THIS is the kind of info I'm looking for... 

Alabama


----------



## lucy999 (Sep 28, 2014)

Blossom Leigh said:


> Thought about small claims court... mulling on that one.


The filing fee shouldn't be that much. If you have the time and the inclination, do it. It might be a bit fun (says the girl who works in the legal world and LOVES IT). But I'm a dork like that.


----------



## Blossom Leigh (Mar 27, 2014)

lol... I pulled the forms today and see what is involved.. I'm very patient and will plod along until I can tell its a dead road, just so this guy gets scared enough to knock off whatever he's doing and maybe prevent it being done to someone else....


----------



## unbelievable (Aug 20, 2010)

Major Crimes Special Agent in Charge: (334) 353-2250 SBI

You might also call your local State Patrol office.


----------



## Blossom Leigh (Mar 27, 2014)

unbelievable said:


> Major Crimes Special Agent in Charge: (334) 353-2250 SBI
> 
> You might also call your local State Patrol office.


You rock! Thanks!


----------



## Q tip (Apr 15, 2014)

and report stolen bike... only you can have that bike anyone owning stolen propert have no rights. even with fraud. then follow the money and paperwork.c


----------



## arbitrator (Feb 13, 2012)

*If you were in Texas, I'd recommend taking it to Small Claims Court because the dollar value does not exceed 5k. Check and see if your state is the same!

But like my friend, Unbelievable, offered up, I really think that when you get to bottom of it, you're going to find one of the parties criminally culpible!*


----------



## askari (Jun 21, 2012)

In the UK we have the PNC - Police National Computer - every police force (oops, sorry, 'service'), Government law/customs/immigration agency has access to it. Amongst many other things, every motor vehicle (car, bus, motorcycle, tractor etc + plant) are on the system - registered owner/keeper, registration number, engine/chassis number, date of first reg etc etc. The record can be flagged as stolen, have an information report placed on it etc.

If a cop stops it and is suspicious the same record can be found by inputting the reg plate number (which yes could be changed) but also the engine and chassis number, cannot be changed.
If it has been filed off any switched on cop will smell a rat and impound the vehicle.

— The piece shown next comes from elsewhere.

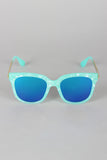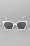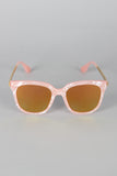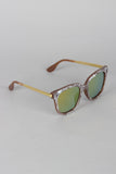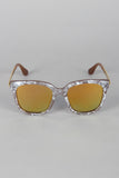 These sunglasses feature a granite finish on a wayfarer inspired plastic frames, metallic gold temple and plastic earpiece.
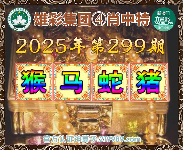 299期: 雄彩集团 😳④肖中特😳【猴.马..猪】开:蛇49

You must have much the same system in the US/Canada. It might take afew months but your bike will get found and returned to its lawful owner.
So make sure it is flagged on whatever nationwide system you have in the US.


----------



## Blossom Leigh (Mar 27, 2014)

Oh, we know where it is. It is safe and sound with a guy who bought it from guy #4 not a mile from where we live. What is crazy about that is it was stolen 25 miles from where we live, transported to a neighboring county where a new title was obtained, bike was put up for sale and ended up almost around the block from us.


----------



## Forest (Mar 29, 2014)

I would go straight to your DA's office with all the paperwork and information on these people you have. Buy a CarFax on it also. If it is as bogus as you describe, a couple letters from the DA could have the a-holes bringing the bike right back to you.


----------



## Blossom Leigh (Mar 27, 2014)

Forest said:


> I would go straight to your DA's office with all the paperwork and information on these people you have. Buy a CarFax on it also. If it is as bogus as you describe, a couple letters from the DA could have the a-holes bringing the bike right back to you.


Hmmm.. had not thought of a DA. This was stolen in the county, so our first stop was county sheriff. Is DA state?

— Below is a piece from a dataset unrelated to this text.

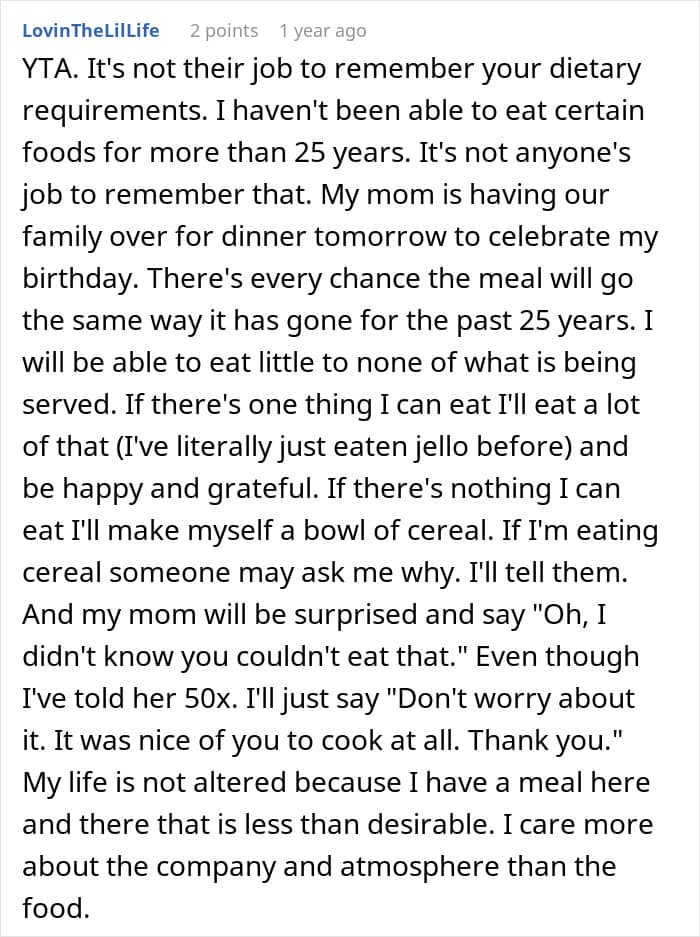 As we can see from the story, living with dietary restrictions often presents challenges to people. Some of the most frustrating, perhaps, are navigating social situations and dealing with a lack of understanding from others. Since people with not-self-chosen dietary restrictions already have a lot on their plate, overcoming challenges daily, the least their loved ones could do is make them feel like a welcomed and accommodated guest in their home by honoring their dietary restrictions, with many experts agreeing with this.

ETA: ah ha... just found it... answered my question... thanks!


----------



## Blossom Leigh (Mar 27, 2014)

Alright...

State Bureau of Investigations has been emailed the full story

District Attorney has been emailed the full story

County Sheriff was emailed the full story in a special unit dealing with theft rings and I've already gotten a response from them that a new deputy is to call me.

yay!

Thanks


----------



## Blossom Leigh (Mar 27, 2014)

Q tip said:


> and report stolen bike... only you can have that bike anyone owning stolen propert have no rights. even with fraud. then follow the money and paperwork.c


Yea, I wondered about that... poor guy who thought he was buying a free and clear bike... he's been defrauded in this too.


----------



## happy as a clam (Jan 5, 2014)

Blossom... just a thought. Have you actually talked to guy #4 (the one who currently "owns" it) and described the situation? If he's a stand-up guy, he just might return the bike, re-title it to you, and admit that he got duped.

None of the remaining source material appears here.